## Problem to work on
Below is a listing. Quote from it, exactly, the lines from the one containing "花湖国际机场移民管理警察朱诗渊(左)和同事查看实时航班动态。" down to the one containing "Spor Toto 2.", both ends included, and nothing else.
━━━ Given records
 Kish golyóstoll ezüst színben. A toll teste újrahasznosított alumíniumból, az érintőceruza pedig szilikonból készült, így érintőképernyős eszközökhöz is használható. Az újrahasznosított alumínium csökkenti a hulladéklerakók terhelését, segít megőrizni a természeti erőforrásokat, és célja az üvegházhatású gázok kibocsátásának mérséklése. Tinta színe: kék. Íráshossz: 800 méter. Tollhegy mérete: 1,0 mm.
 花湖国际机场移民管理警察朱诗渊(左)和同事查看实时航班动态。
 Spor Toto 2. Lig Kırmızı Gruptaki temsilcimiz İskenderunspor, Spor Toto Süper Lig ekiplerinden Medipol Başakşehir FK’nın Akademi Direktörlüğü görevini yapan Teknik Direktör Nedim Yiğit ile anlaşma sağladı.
━━━━━━
━━━ Given records
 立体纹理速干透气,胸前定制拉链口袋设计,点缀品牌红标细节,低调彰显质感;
━━━━━━
## Solution
 花湖国际机场移民管理警察朱诗渊(左)和同事查看实时航班动态。
 Spor Toto 2. Lig Kırmızı Gruptaki temsilcimiz İskenderunspor, Spor Toto Süper Lig ekiplerinden Medipol Başakşehir FK’nın Akademi Direktörlüğü görevini yapan Teknik Direktör Nedim Yiğit ile anlaşma sağladı.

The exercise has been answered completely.